If a record holds a picture, drop the picture and repeat everything else word for word.
Start of Data
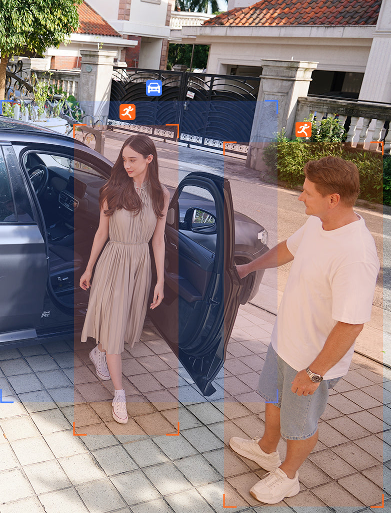 The PIR motion sensor and AI detection specifically identify humans and vehicles, minimizing false alarms for precise notifications.
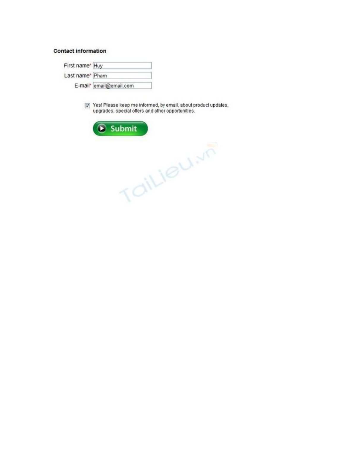 họ, tên vào form đăng ký và nhấn nút Submit.
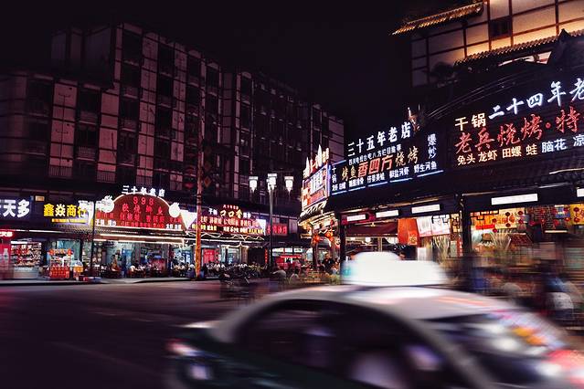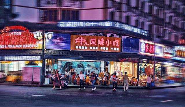 这个画风一下就“夜生活”了哈,毕竟它位于著名的游客打卡街——张公桥美食街。
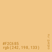 Цвет #F2C685 в цветовой модели RGB обозначается тремя октетами (242, 198, 133) в десятичном формате и #F2C685 в шестнадцатиричном (hex) формате, которые являются интенсивностью красного 242 (hex F2), интенсивность зелёного 198 (hex C6) и интенсивность синего 133 (hex 85).
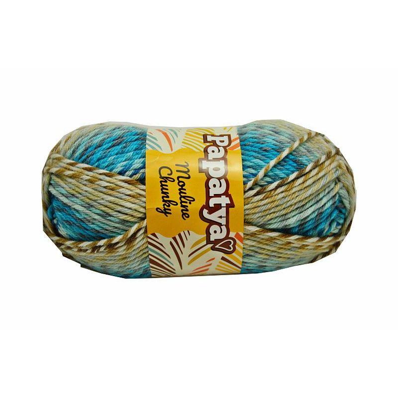 Włóczka PAPATYA Mouline Chunky . Kolor turkusowy, brąz i beż 100g/160m skład:100% akryl. zalecane szydełka 5,5mm. zalecane druty6-7mm Miękka, wielobarwna włóczka świetnie nadaje się na czapki, kominy, szaliki i swetry. Cena za 1motek.
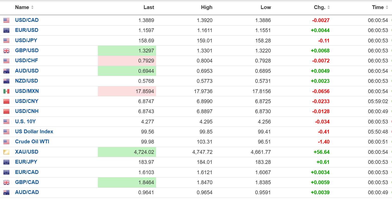 As of 5:30 am PT, European markets are rising. The German Dax is up 2.61%, the UK FTSE 100 has gained 1.89% and the French CAC 40 is up 1.97%. S&P 500 futures have risen by 0.69%, the 10-year Treasury yield is 4.307%, the DXY is 99.48, and Gold (XAUUSD) is 4748.92.
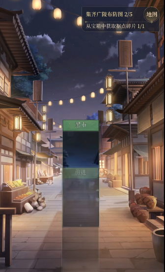 4、进入街市,点击前进-右侧的前进-花银匣-迷迷仙-前进-黑市。
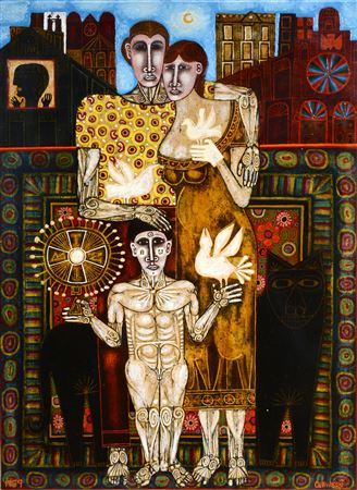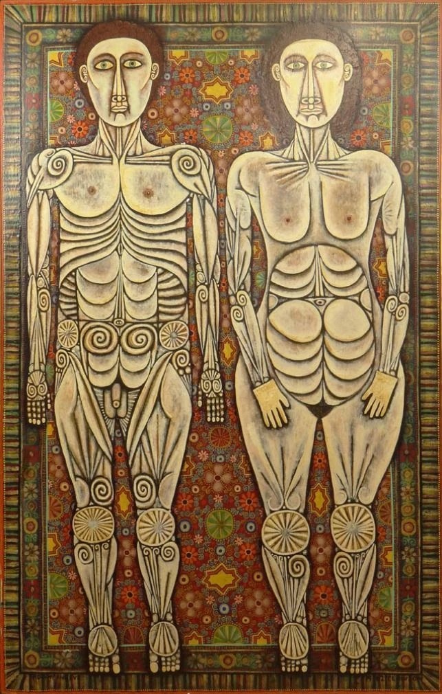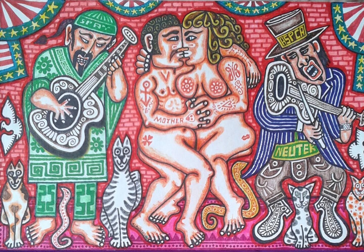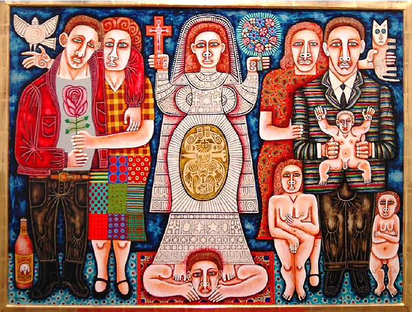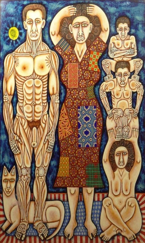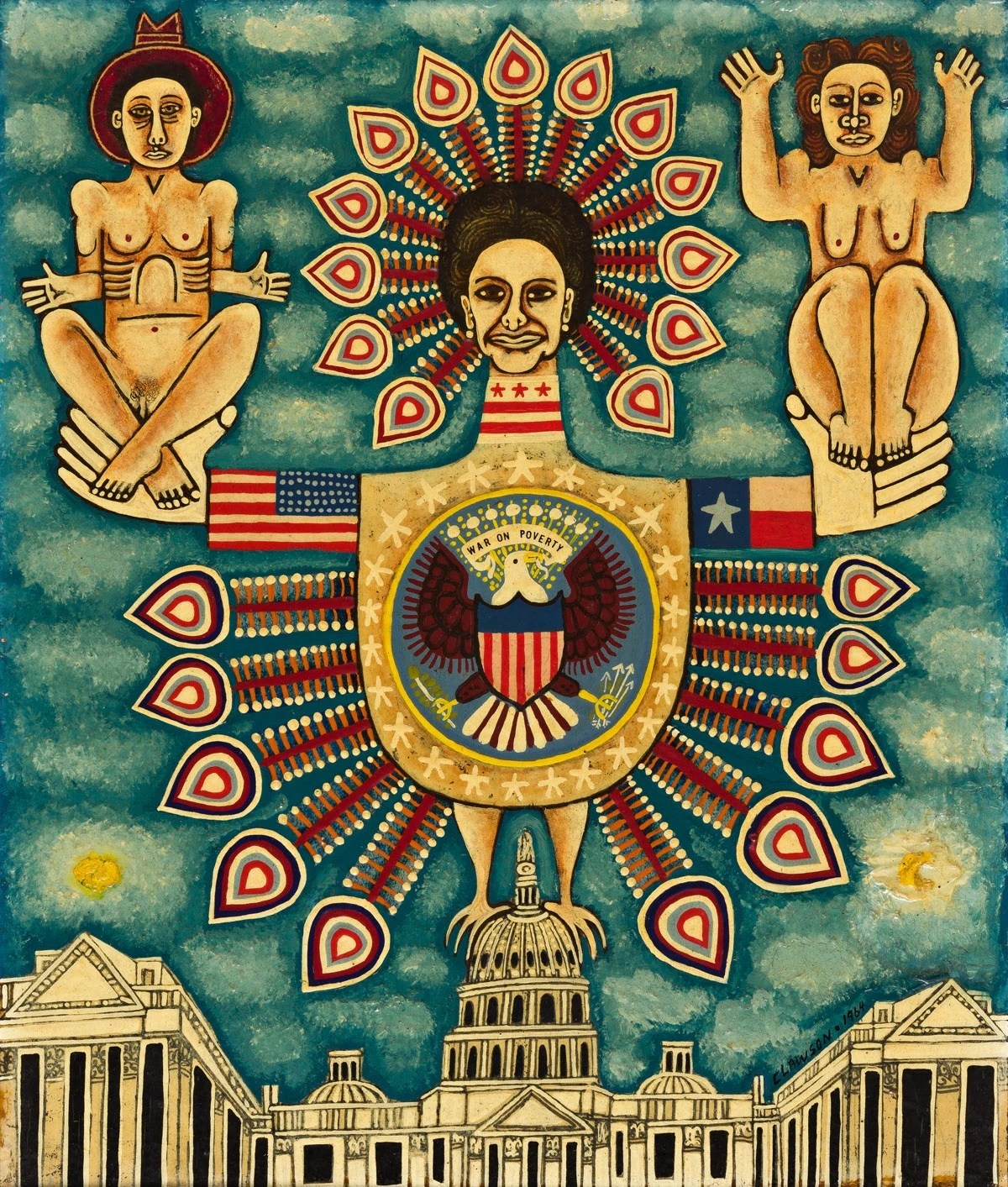 La obra de Rex Clawson (Dallas, Texas, USA, 1929-2007) está influenciada formalmente por el post impresionismo de Gauguin y Van Gogh, que conoció en un viaje juvenil a París, y por el arte tradicional de México, país en el que trabajó y vivió varios años. También deja su impronta en su pintura la obra cubista de Picasso y Braque. Su particular dibujo me recuerda los iconos medievales europeos. Su obra referencia fundamentalmente a temas sociales y políticos, con un aire irónico o satírico.
End of Data
[Solved exercise]
 The PIR motion sensor and AI detection specifically identify humans and vehicles, minimizing false alarms for precise notifications.
 họ, tên vào form đăng ký và nhấn nút Submit.
 这个画风一下就“夜生活”了哈,毕竟它位于著名的游客打卡街——张公桥美食街。
 Цвет #F2C685 в цветовой модели RGB обозначается тремя октетами (242, 198, 133) в десятичном формате и #F2C685 в шестнадцатиричном (hex) формате, которые являются интенсивностью красного 242 (hex F2), интенсивность зелёного 198 (hex C6) и интенсивность синего 133 (hex 85).
 Włóczka PAPATYA Mouline Chunky . Kolor turkusowy, brąz i beż 100g/160m skład:100% akryl. zalecane szydełka 5,5mm. zalecane druty6-7mm Miękka, wielobarwna włóczka świetnie nadaje się na czapki, kominy, szaliki i swetry. Cena za 1motek.
 As of 5:30 am PT, European markets are rising. The German Dax is up 2.61%, the UK FTSE 100 has gained 1.89% and the French CAC 40 is up 1.97%. S&P 500 futures have risen by 0.69%, the 10-year Treasury yield is 4.307%, the DXY is 99.48, and Gold (XAUUSD) is 4748.92.
 4、进入街市,点击前进-右侧的前进-花银匣-迷迷仙-前进-黑市。
 La obra de Rex Clawson (Dallas, Texas, USA, 1929-2007) está influenciada formalmente por el post impresionismo de Gauguin y Van Gogh, que conoció en un viaje juvenil a París, y por el arte tradicional de México, país en el que trabajó y vivió varios años. También deja su impronta en su pintura la obra cubista de Picasso y Braque. Su particular dibujo me recuerda los iconos medievales europeos. Su obra referencia fundamentalmente a temas sociales y políticos, con un aire irónico o satírico.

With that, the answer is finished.